Nothing but the lines below from the one containing "FarmStay Cica Farm" through the one containing "Remo challenged Alain" should appear in the answer, exact and without pictures.

RECORDS SHOWN:

Content starts

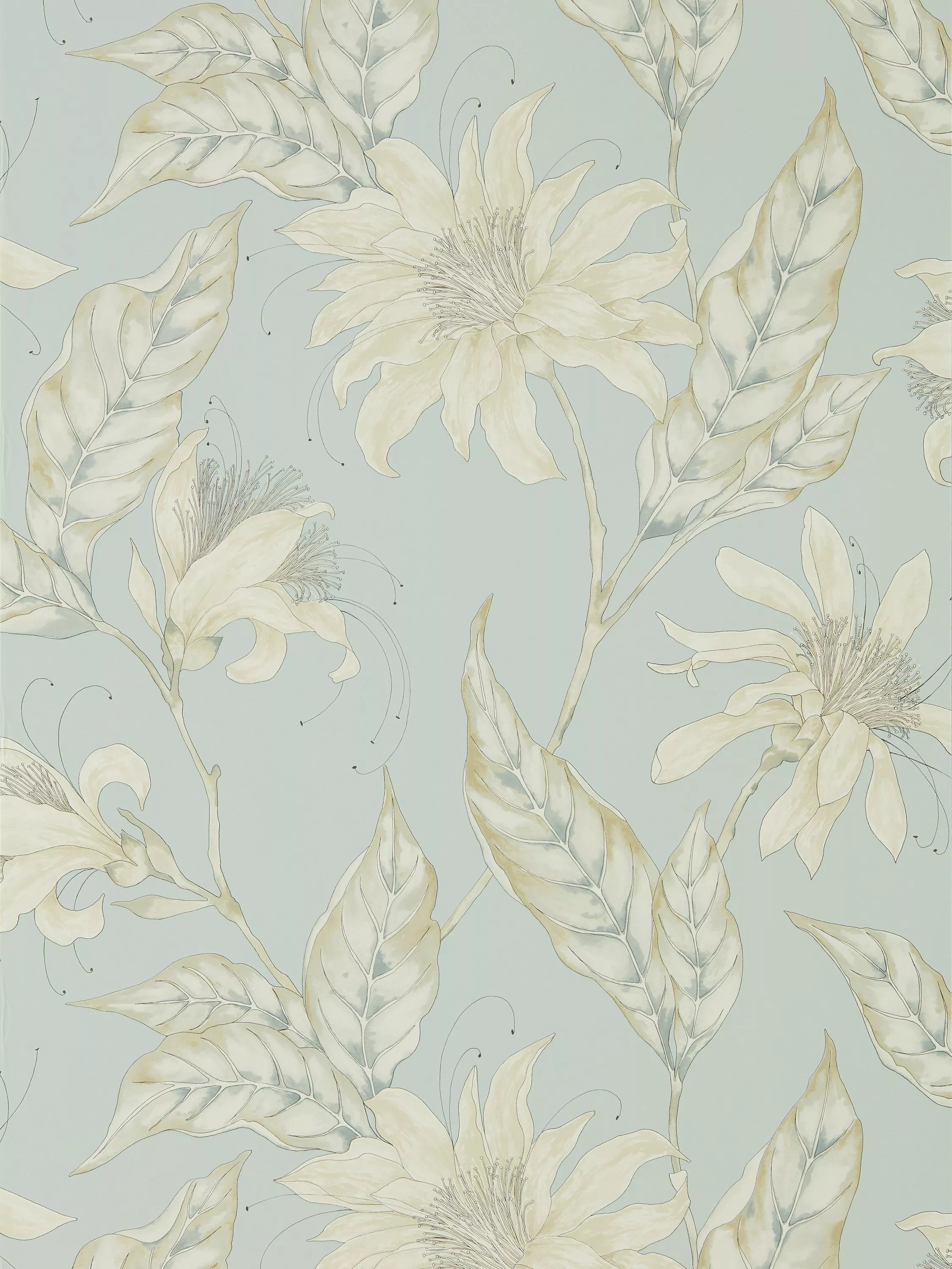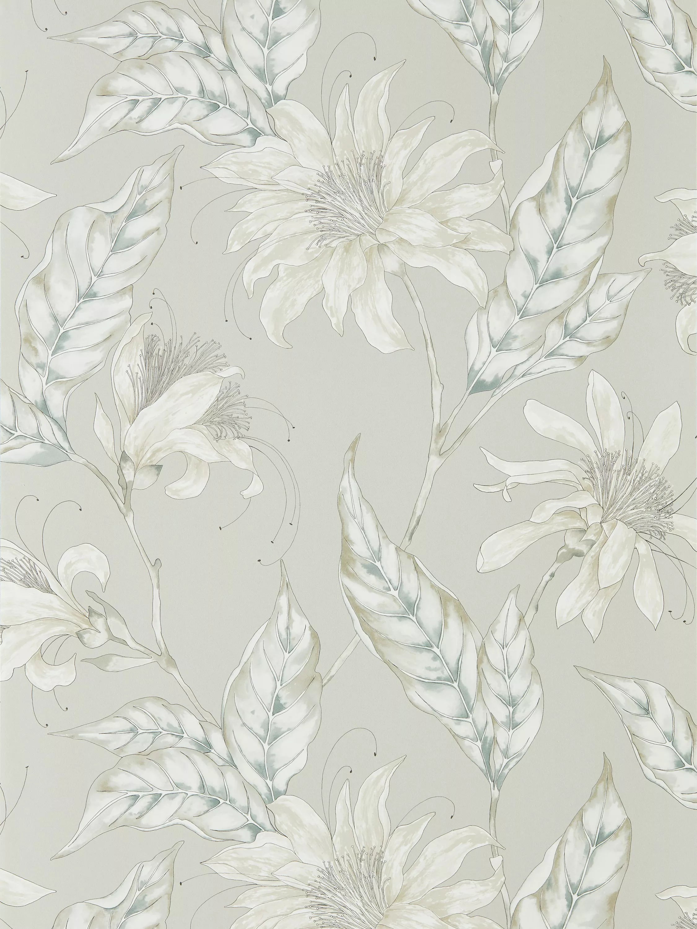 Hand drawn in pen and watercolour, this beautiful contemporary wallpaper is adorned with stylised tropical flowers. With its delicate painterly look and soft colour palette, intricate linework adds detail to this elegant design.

Content ends
Content starts

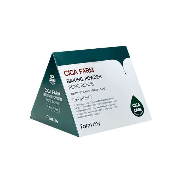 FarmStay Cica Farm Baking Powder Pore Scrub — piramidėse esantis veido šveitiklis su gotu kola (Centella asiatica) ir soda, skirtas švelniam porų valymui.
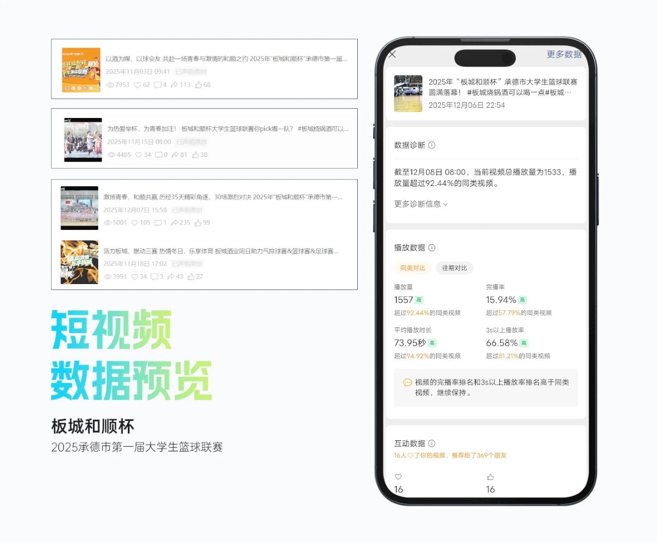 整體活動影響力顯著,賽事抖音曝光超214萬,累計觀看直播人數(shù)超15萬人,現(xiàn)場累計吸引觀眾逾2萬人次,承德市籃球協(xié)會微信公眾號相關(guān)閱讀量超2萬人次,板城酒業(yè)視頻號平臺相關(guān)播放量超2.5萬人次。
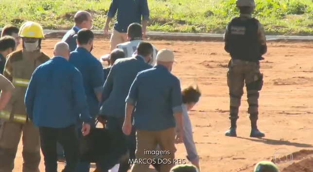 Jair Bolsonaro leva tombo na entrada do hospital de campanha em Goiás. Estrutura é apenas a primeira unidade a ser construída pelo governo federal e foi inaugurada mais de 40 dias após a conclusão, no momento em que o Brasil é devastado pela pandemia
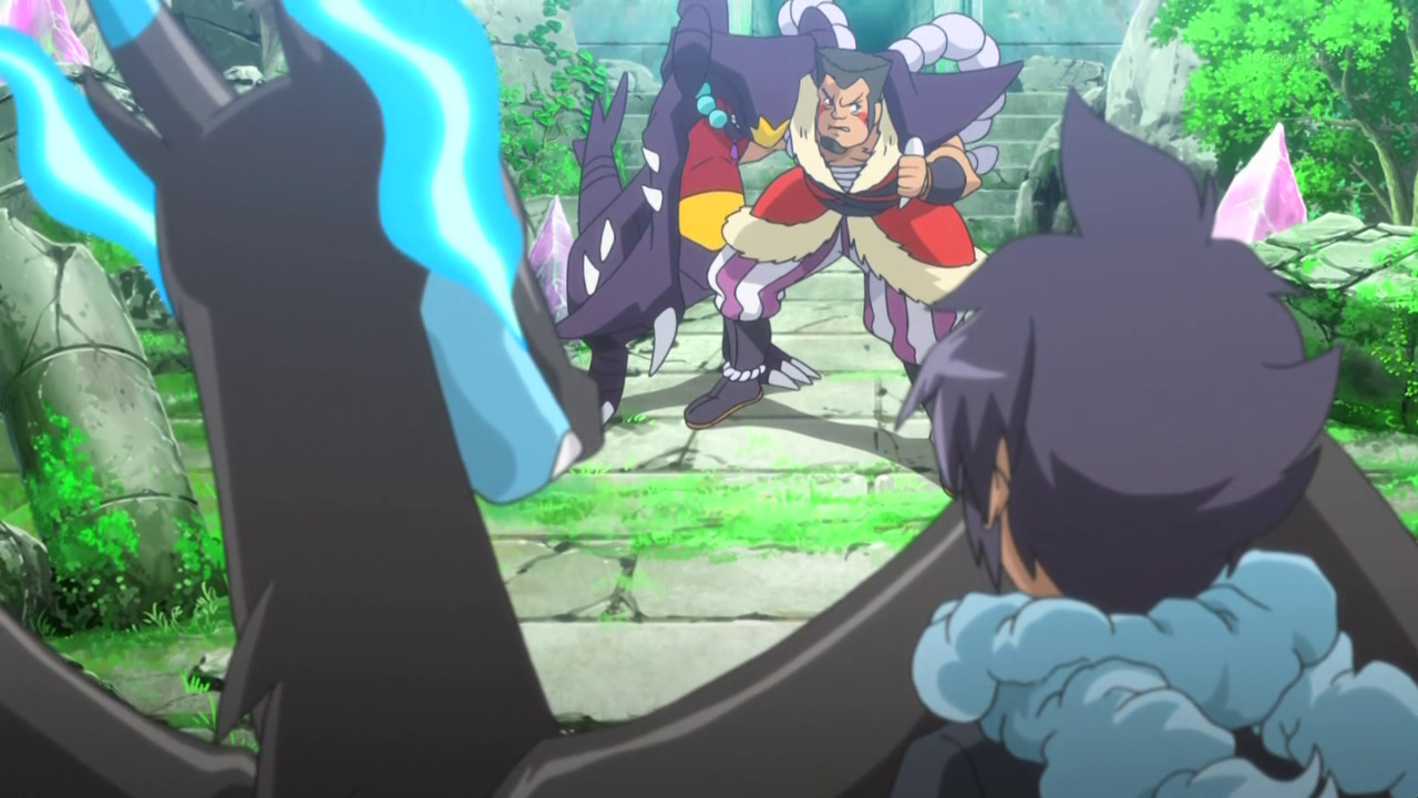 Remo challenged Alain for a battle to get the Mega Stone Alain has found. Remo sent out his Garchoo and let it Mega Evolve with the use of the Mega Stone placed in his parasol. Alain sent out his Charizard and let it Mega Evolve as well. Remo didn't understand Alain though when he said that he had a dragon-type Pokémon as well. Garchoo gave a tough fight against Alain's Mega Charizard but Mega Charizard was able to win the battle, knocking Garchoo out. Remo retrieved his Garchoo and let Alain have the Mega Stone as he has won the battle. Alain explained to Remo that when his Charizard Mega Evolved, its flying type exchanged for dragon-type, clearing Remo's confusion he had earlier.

Content ends

ANSWER BOX:
 FarmStay Cica Farm Baking Powder Pore Scrub — piramidėse esantis veido šveitiklis su gotu kola (Centella asiatica) ir soda, skirtas švelniam porų valymui.
 整體活動影響力顯著,賽事抖音曝光超214萬,累計觀看直播人數(shù)超15萬人,現(xiàn)場累計吸引觀眾逾2萬人次,承德市籃球協(xié)會微信公眾號相關(guān)閱讀量超2萬人次,板城酒業(yè)視頻號平臺相關(guān)播放量超2.5萬人次。
 Jair Bolsonaro leva tombo na entrada do hospital de campanha em Goiás. Estrutura é apenas a primeira unidade a ser construída pelo governo federal e foi inaugurada mais de 40 dias após a conclusão, no momento em que o Brasil é devastado pela pandemia
 Remo challenged Alain for a battle to get the Mega Stone Alain has found. Remo sent out his Garchoo and let it Mega Evolve with the use of the Mega Stone placed in his parasol. Alain sent out his Charizard and let it Mega Evolve as well. Remo didn't understand Alain though when he said that he had a dragon-type Pokémon as well. Garchoo gave a tough fight against Alain's Mega Charizard but Mega Charizard was able to win the battle, knocking Garchoo out. Remo retrieved his Garchoo and let Alain have the Mega Stone as he has won the battle. Alain explained to Remo that when his Charizard Mega Evolved, its flying type exchanged for dragon-type, clearing Remo's confusion he had earlier.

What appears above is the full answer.